One year ago, I came across a Groupon for a Crossfit gym in my area. Since, I like the feeling of wanting to puke after a workout, no really, I get some weird sense of satisfaction from it. I figured this was something I should try. Now, I know there are Crossfit lovers and haters out there, so if you’re a hater, save the drama for your mama, because I love it! It is certainly not for everyone but it is everything I want it to be.It is, in fact, the one thing I miss the most at this point. Since my surgery, I have 8 weeks until I can lift more than 45lbs and 10 weeks till I can do ab work. That of course has not stopped me from checking the WOD every single day. In fact, yesterday (2 weeks after getting my staples remove) I saw the workout and decided it was time for my comeback. The WOD was an AMRAP of 200M run/KB/WB*. I sooooooo could do all of that. I announced my intention of going and my husband, knowing me better than anyone else did not respond. In fact, he looked at me in what I can only imagine is the way you would look at a bank robber wielding a gun.
Make no sudden movements
Show no expression
Maintain eye contact
Do not show fearYou see my husband knows that even slightly implying that I should not or cannot do something is all it takes to make me do that exact thing, with gusto.
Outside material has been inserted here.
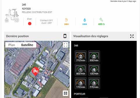 Avec l’option télémétrie sur OPTIMUM 245, suivez votre parc matériel en temps réel grâce aux données récupérées sur l’enjambeur et l’outil attelé. Visualisez à distance sur tablette, PC ou smartphone :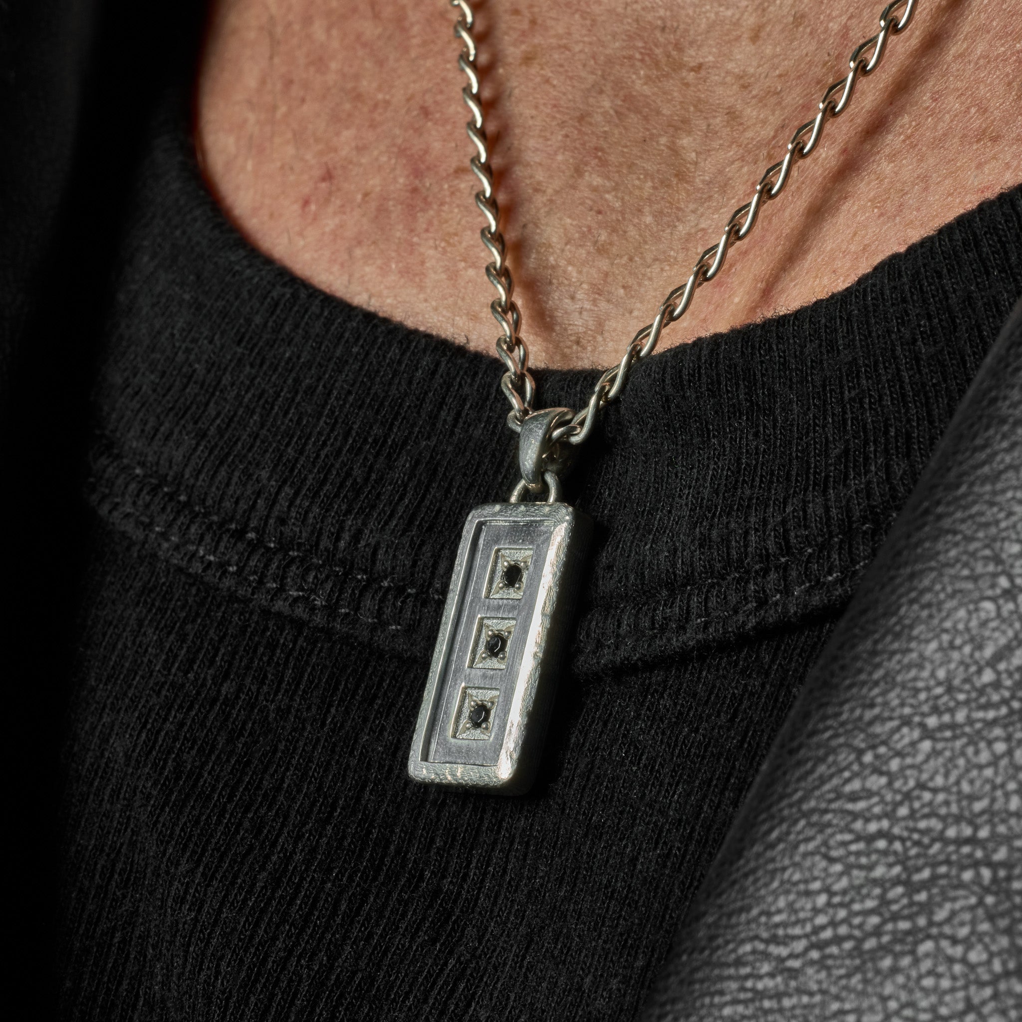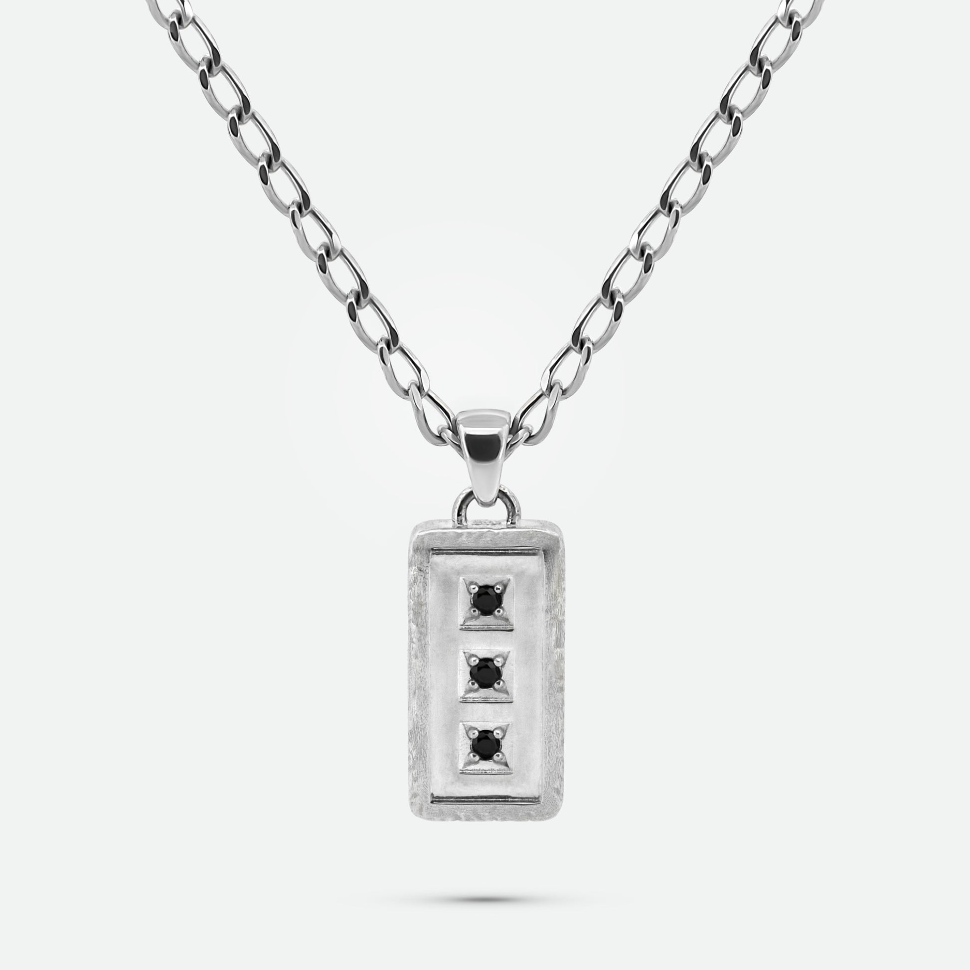 The Trilogy Pendant Necklace is crafted from recycled 925 sterling silver and features a solid rectangular pendant set with three bezel-cut Black Diamond Cubic Zirconias. Clean cut-outs frame each stone, creating a structured, refined profile finished in high-polished silver.

I spent that evening, imagining my comeback. Sure, I would be slow and sure I would use that tiny little kettlebell that I always look at and wonder about, but I would be back. It is worth noting that my dream also included a Welcome Back banner, confetti and a slow clap at the end.The next morning, I slid on my spandex and sneakers hopped up and down a bit to reassure myself that I was indeed in peak condition and ready for my comeback and I headed downstairs.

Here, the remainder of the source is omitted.